Exercise prompt:
Look in the data below for the line that has "도쿄 조이패스 시설 3개 선택 1주일 무료 패스", then print exactly every line from there through the line that has "物体和环境是三维几何体,有俯", leaving pictures out.

Supplied material:
....

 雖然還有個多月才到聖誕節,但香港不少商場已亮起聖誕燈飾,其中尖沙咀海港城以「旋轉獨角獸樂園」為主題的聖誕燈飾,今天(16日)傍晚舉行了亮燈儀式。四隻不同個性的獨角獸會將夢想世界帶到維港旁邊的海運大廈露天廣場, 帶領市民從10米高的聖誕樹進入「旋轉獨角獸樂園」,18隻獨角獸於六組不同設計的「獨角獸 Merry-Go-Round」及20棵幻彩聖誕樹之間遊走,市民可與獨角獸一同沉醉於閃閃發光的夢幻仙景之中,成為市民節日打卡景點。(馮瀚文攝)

....

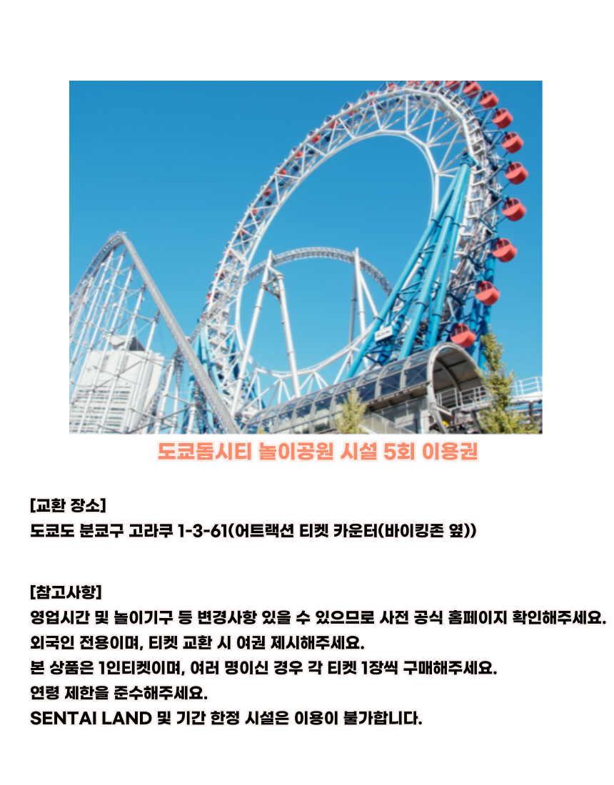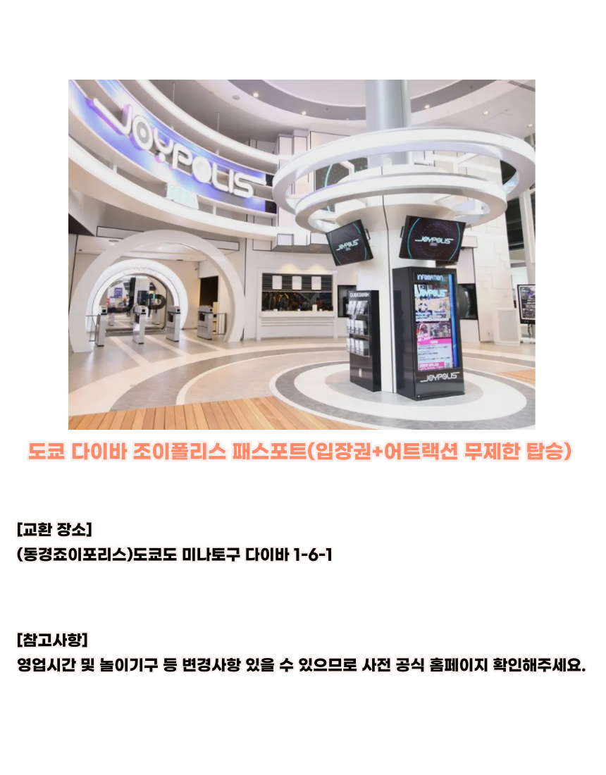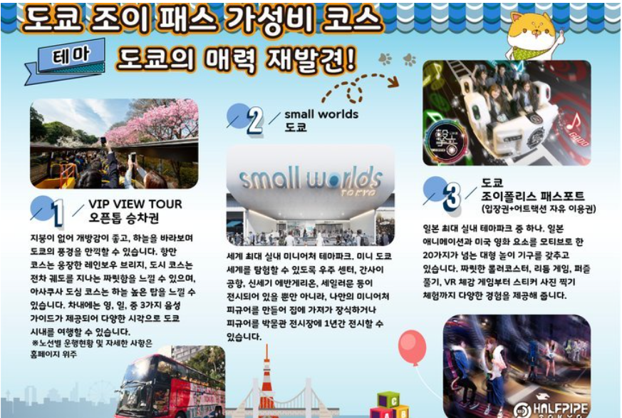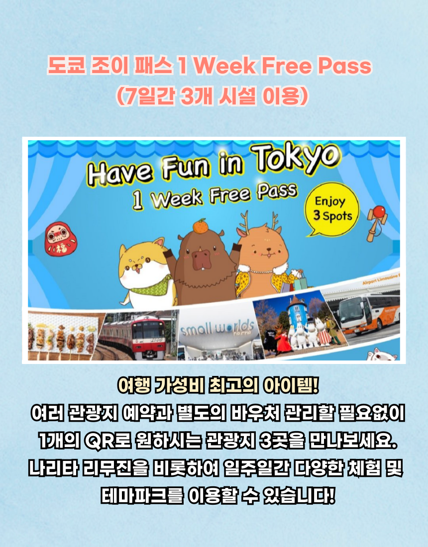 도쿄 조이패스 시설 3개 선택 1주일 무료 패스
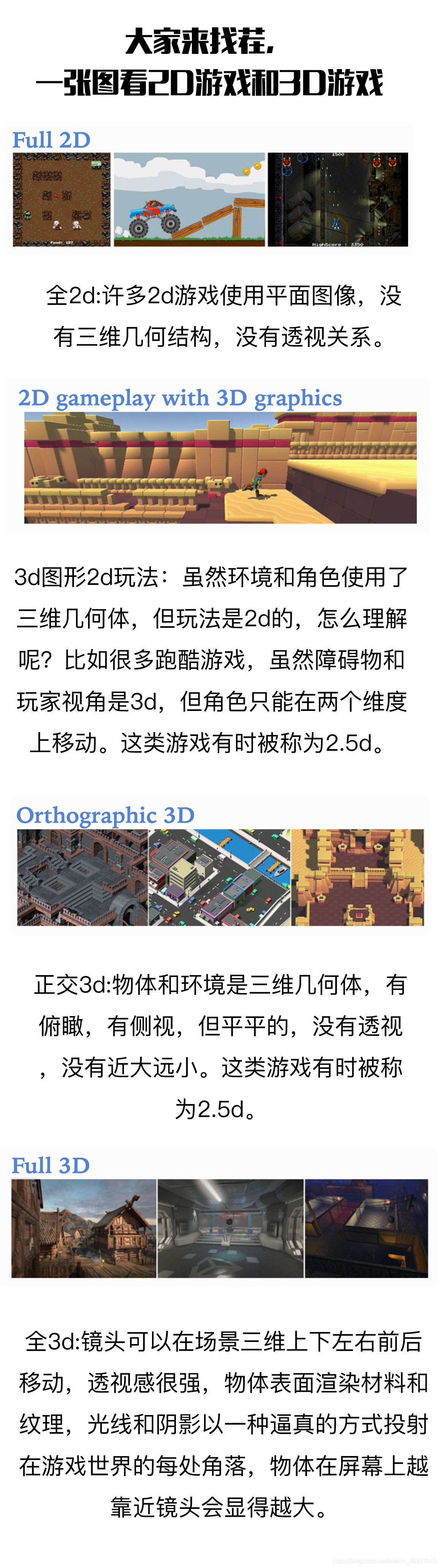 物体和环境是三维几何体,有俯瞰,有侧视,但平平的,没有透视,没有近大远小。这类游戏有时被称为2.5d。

....

Reply:
 도쿄 조이패스 시설 3개 선택 1주일 무료 패스
 物体和环境是三维几何体,有俯瞰,有侧视,但平平的,没有透视,没有近大远小。这类游戏有时被称为2.5d。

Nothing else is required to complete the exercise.